Aug 26, 2024	I’ve started my PhD in Computer Science at the University of Maryland, where I am advised by Prof. Soheil Feizi.
May 31, 2024	I’ve graduated from HKUST with the Academic Achievement Medal! Thank you to my parents, friends, and all my mentors!
Sep 16, 2023	I have completed my first research paper, where we propose a simple yet effective clean-label backdoor attack for object detectors. Many thanks to Prof. Minhao Cheng for his invaluable support.

Publications

(*) denotes equal contribution

NeurIPS

Adversarial Paraphrasing: A Universal Attack for Humanizing AI-Generated Text

Yize Cheng^*, Vinu Sankar Sadasivan^*, Mehrdad Saberi, Shoumik Saha, and Soheil Feizi

In Proceedings of the 39th Conference on Neural Information Processing Systems (NeurIPS), 2025

Abs PDF Code

The increasing capabilities of Large Language Models (LLMs) have raised concerns about their misuse in AI-generated plagiarism and social engineering. While various AI-generated text detectors have been proposed to mitigate these risks, many remain vulnerable to simple evasion techniques such as paraphrasing. However, recent detectors have shown greater robustness against such basic attacks. In this work, we introduce Adversarial Paraphrasing, a training-free attack framework that universally humanizes any AI-generated text to evade detection more effectively. Our approach leverages an off-the-shelf instruction-following LLM to paraphrase AI-generated content under the guidance of an AI text detector, producing adversarial examples that are specifically optimized to bypass detection. Extensive experiments show that our attack is both broadly effective and highly transferable across several detection systems. For instance, compared to simple paraphrasing attack–which, ironically, increases the true positive at 1% false positive (T@1%F) by 8.57% on RADAR and 15.03% on Fast-DetectGPT–adversarial paraphrasing, guided by OpenAI-RoBERTa-Large, reduces T@1%F by 64.49% on RADAR and a striking 98.96% on Fast-DetectGPT. Across a diverse set of detectors–including neural network-based, watermark-based, and zero-shot approaches–our attack achieves an average T@1%F reduction of 87.88% under the guidance of OpenAI-RoBERTa-Large.
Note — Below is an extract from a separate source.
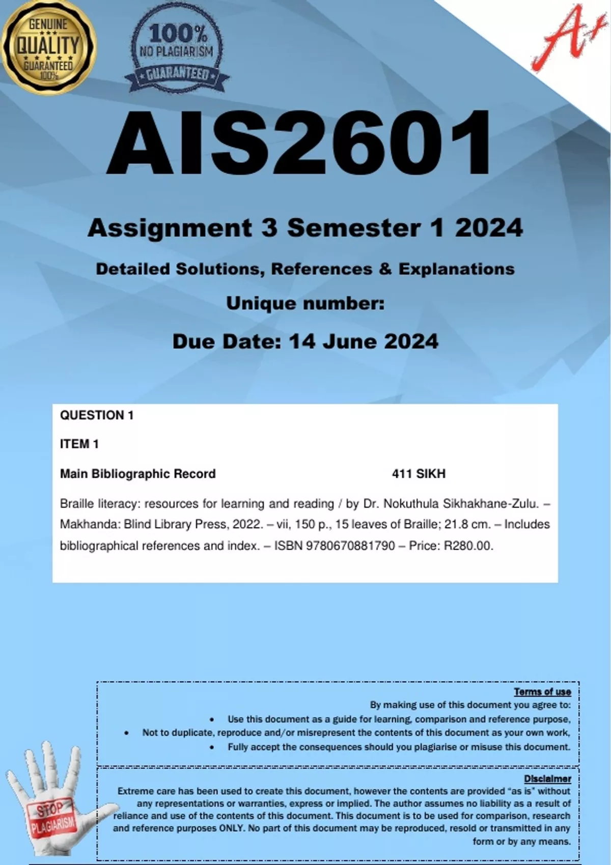 • Not to duplicate, reproduce and/or misrepresent the contents of this document as your own work,

We also analyze the tradeoff between text quality and attack success to find that our method can significantly reduce detection rates, with mostly a slight degradation in text quality. Our adversarial setup highlights the need for more robust and resilient detection strategies in the light of increasingly sophisticated evasion techniques.
EMNLP

DyePack: Provably Flagging Test Set Contamination in LLMs Using Backdoors

Yize Cheng^*, Wenxiao Wang^*, Mazda Moayeri, and Soheil Feizi

In Proceedings of the 2025 Conference on Empirical Methods in Natural Language Processing (EMNLP), 2025

Abs PDF Video Code Poster

Open benchmarks are essential for evaluating and advancing large language models, offering reproducibility and transparency. However, their accessibility makes them likely targets of test set contamination. In this work, we introduce DyePack, a framework that leverages backdoor attacks to identify models that used benchmark test sets during training, without requiring access to the loss, logits, or any internal details of the model. Like how banks mix dye packs with their money to mark robbers, DyePack mixes backdoor samples with the test data to flag models that trained on it. We propose a principled design incorporating multiple backdoors with stochastic targets, enabling exact false positive rate (FPR) computation when flagging every model. This provably prevents false accusations while providing strong evidence for every detected case of contamination. We evaluate DyePack on five models across three datasets, covering both multiple-choice and open-ended generation tasks. For multiple-choice questions, it successfully detects all contaminated models with guaranteed FPRs as low as 0.000073% on MMLU-Pro and 0.000017% on Big-Bench-Hard using eight backdoors. For open-ended generation tasks, it generalizes well and identifies all contaminated models on Alpaca with a guaranteed false positive rate of just 0.127% using six backdoors.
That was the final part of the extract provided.